A visit to Sigiriya Rock in Sri Lanka is an adventure that takes one back in history, art and culture. Apart from melodrama, romance, intrigue and the grandiose life that surrounds the rock fortification of Kassapa, the tales of its rediscovery in the 19th century are as captivating.

An evening’s musing on these stories of our ancients and not so ancients has often been an exhilarating experience. Especially if you have spent the morning climbing the rock and exploring its environs.

According to records the first to rediscover Sigiriya was Jonathan Forbes, a British military officer. Forbes and two of his friends set out on horseback from Polonnaruwa in search of Sigiriya and were the first to re-discover the lost citadel in the jungle in 1831.

Forbes returned to Sigiriya in 1833 to explore its environs and he reported the existence of plaster laid on the rock and painted over in bright colours above the walled gallery especially, in places sheltered from the elements. But he did not describe the paintings.

An anonymous writer in 1851 published an account of his visit to Sigiriya, describing the long gallery wall and the rock surface opposite “covered with a thick coat of polished chunam, as white and bright as if it were only a month old”. He recorded that the plaster was covered with paintings chiefly of lions, from which circumstances he said the name Singagheery, Sihaghery, or Seegiry was given to the site. However no other visitor had noted or reported any paintings of lions at Sigiriya.

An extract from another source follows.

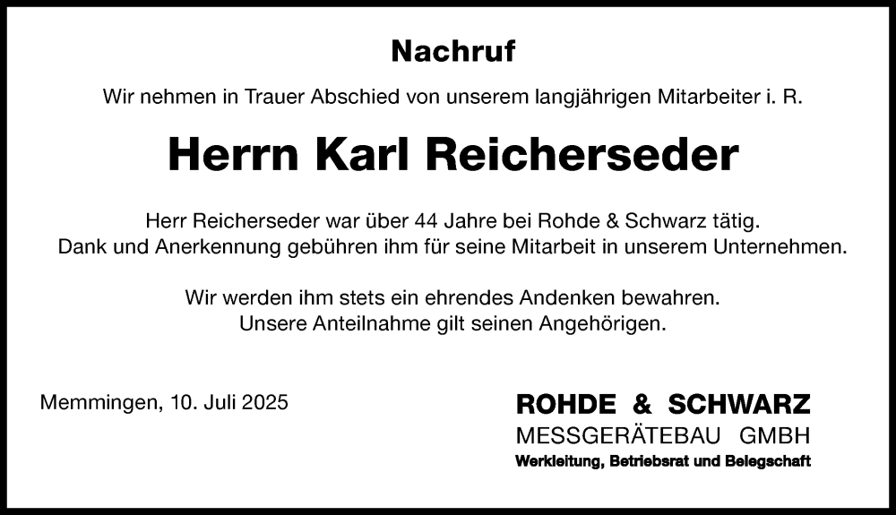 Hier finden Sie alle Traueranzeigen aus der Zeitung, die bisher für Karl Reicherseder erschienen sind. Weitere Traueranzeigen, die in der Zeitung erscheinen, werden hier ebenfalls aufgelistet

In 1875, T.W Rhys Davids of the Ceylon Civil Service, at a meeting of the Royal Asiatic Society held in England in 1874 reported the existence of painted figures on a fine white and hard chunam plaster.

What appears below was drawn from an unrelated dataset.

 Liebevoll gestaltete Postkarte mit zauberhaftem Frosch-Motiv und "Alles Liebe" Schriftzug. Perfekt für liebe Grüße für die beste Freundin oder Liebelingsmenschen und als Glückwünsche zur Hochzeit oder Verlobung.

Observing through a telescope he had also noted that there were ornamental patterns to be seen on a terrace higher up the rock, and surmised that a large number of them must have been erased by the passage of time. Apparently these paintings too had disappeared and were not reported by later visitors.

It was T.H Blakesley of the Public Works Department who for the first time reported on the subject of the paintings in 1876.

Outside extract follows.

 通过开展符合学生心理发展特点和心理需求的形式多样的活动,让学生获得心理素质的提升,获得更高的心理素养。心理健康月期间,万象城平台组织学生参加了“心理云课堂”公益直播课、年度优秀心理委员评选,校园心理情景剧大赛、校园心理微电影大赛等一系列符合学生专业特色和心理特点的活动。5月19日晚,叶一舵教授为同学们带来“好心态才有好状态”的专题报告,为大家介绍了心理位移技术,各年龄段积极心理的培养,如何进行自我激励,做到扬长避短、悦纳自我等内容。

He realised that they were groups of female figures repeated again and again, the upper parts of the body being depicted richly ornamented with jewellery. The figures he said had a Mongolian cast of features.

Murry of the Public Works Department seems to have been the first person to have found his way into the fresco pocket and come face to face with the frescoes. He made tracings of them and copied some in pastels and published a paper on them in 1891.

However the first real study of the paintings commenced with H.C.P. Bell from 1893 onwards.

It is also interesting to note an observation made by John Still (1907) that “the whole face of the hill appears to have been a gigantic picture gallery… the largest picture in the world perhaps”. Dr. Raja De Silva confirms that these paintings have the largest surface area out of such paintings of the early period.

Much controversy and debate exists as to the subject of the paintings; of the bewitching figures of Sigiriya.

H.C.P. Bell was of the view that these ladies were the ladies of Kasyapa’s court accompanied by their attendants of darker complexion, probably of a different race.

He observed that all the figures were moving in the same direction. The flowers carried by them suggesded that they were setting forth to worship at the temple of Pidurangala, lying to the north of Sigiriya.

This portrayed a devotional procession proceeding to the shrine at Pidurangala. He was also of the opinion that they could also be goddesses appearing to emerge from the clouds.

Senarath Paranavitana’s suggestion that they represent Lighting Princesses and Cloud Damsels or the personifications of clouds and lightning, the dark figures taken as cloud damsels and the fairer skinned as lightning princesses. (meghalata and vijjukumaris respectively), well known motifs for decorating walls in ancient times..

Ananda Coomaraswamy, in keeping with well established south Asian traditions, identified the Sigiriya women as apsaras or celestial women casting down a rain of flowers.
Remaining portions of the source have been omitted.